Surely the practice of torture to animals is not religious nor cultural? Also, isnt meat slightly spoiled when the animal is stressed before death or is that an urban myth?
The ABC program was aired over a year ago and rightly the public were outraged at such images. I know I was deeply affected by it and there were rallies to ban live exports.
Then again recently another program went to air where there were images of sheep being tortured, bought and dragged into car boots and then buried alive in Pakistan. Again there was outcry in the public domain and rightly so. Perhaps these countries are easy
targets as they only have basic facilities and not much education. Perhaps also there is a religious element to this, where these countries are predominately Muslim and therefore fodder for western sensibilities and media attention.

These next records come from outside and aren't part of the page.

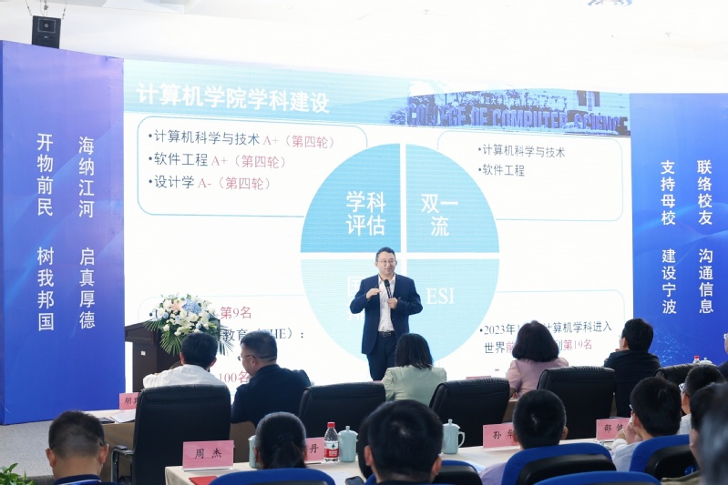 尹建伟院长详细介绍了计算机学院和软件学院发展历程、学科建设情况及此次计算机和软件分会的成立背景。他表示,宁波浙江大学校友会计算机和软件分会的成立意义重大,希望今后分会担起使命责任,弘扬浙大精神,为母校和宁波发展提供强有力的支持。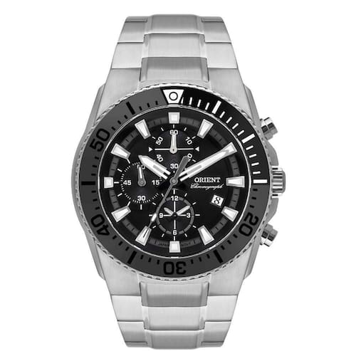 O bisel com marcações de tempo reforça o caráter esportivo do relógio, enquanto a pulseira em aço inoxidável prateado oferece construção sólida, conforto e encaixe seguro no pulso. O conjunto garante durabilidade e presença marcante, características tradicionais da linha esportiva da Orient.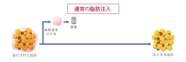 注入する脂肪は不純物を取り除き、濃縮した良質な細胞のみを配合。従来の脂肪注入を大きく上回る脂肪定着量を実現しました。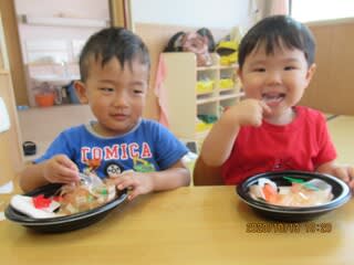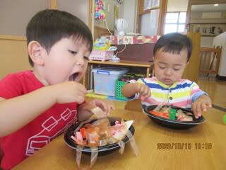 未満児さんも、負けじと早めのお弁当を作りました(*^^*)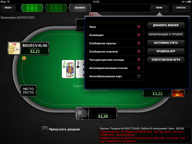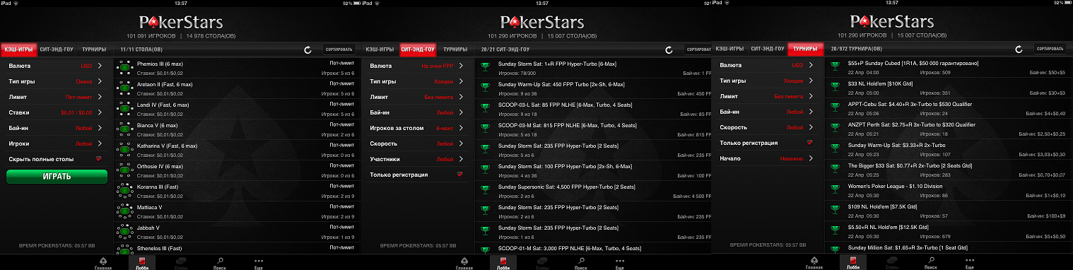 Клиент нам предлагает игры по Холдему и Омахе, кэш и турниры, к сожалению нету ZOOM, который особенно бы смотрелся на мобильном клиенте.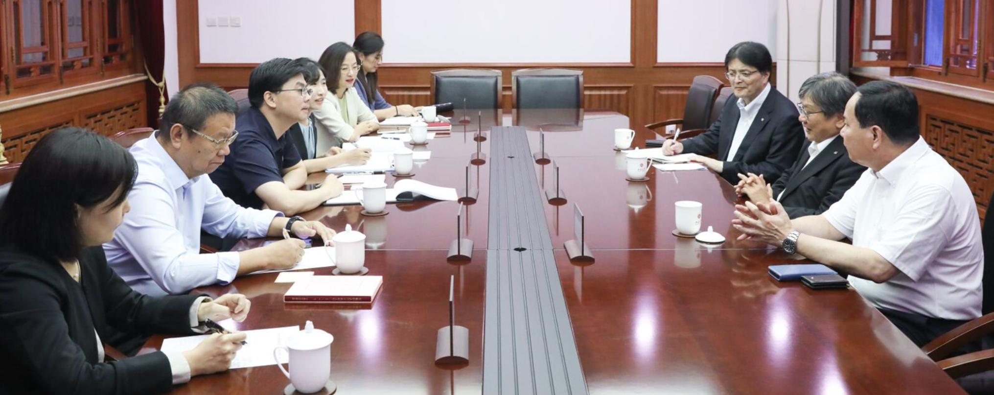 9月10日下午,日本早稻田大学常务副校长渡边义浩、副校长弦间正彦一行访问北京大学。北京大学党委常委、副校长方方在临湖轩会见来宾。

I subsequently sent off another email and received a letter last week from our Federal Member of Parliament – the Honourable Bruce Scott,
member for Maranoa thanking me for my email. The emails I sent were modified versions of a GetUp email. Now, i'm not normally a protest person but this issue had me riled enough.
The member for our electorate told me in his response that he “shares my deep concern over the footage of inhumane treatment of animals portrayed in live export markets and the Coalition consequently supports the suspension of trade of live cattle to
facilities that fail to operate at a standard that we, as Australians, would expect”. However, he states that although “the issue of live animal exports has divided community opinion”, the industry is “an important means of livelihood
for many people in rural Australia”. Basically, the live export trade is necessary in his opinion and that if it were banned “animals would be sourced from other countries which neither impose our high domestic standards, nor work closely with
destination countries to implement higher standards.” I understand that he is a National Party member and they stand up for the farmers. Maranoa is a huge federal electorate area
encompassing many large properties and small rural/regional towns such as ours.
He also says that “there are few alternatives for pastoralists to deal
with this over-supply as Southern markets are distant and past attempts to establish abattoirs in the north have failed due to the short operational periods, the wet season conditions and the lack of affordable fodder.” Well, to that I would say that
as someone who drives between here and the great South East sometimes, I have seen more than enough trucks carrying cattle around the place – road trains full of them at all hours of day! There are saleyards dotted all throughout this region, so I don't
understand why there can't be processing facilities put up nearby to deal with this issue. After all, the saleyards don't seem to have a problem with supply most of the time. I do get the weather issues out here but I see a lot of cattle out there grazing
in the many huge paddocks along the road. Is this something akin to 'outsourcing' our meat processing? What about the jobs for locals in the industry?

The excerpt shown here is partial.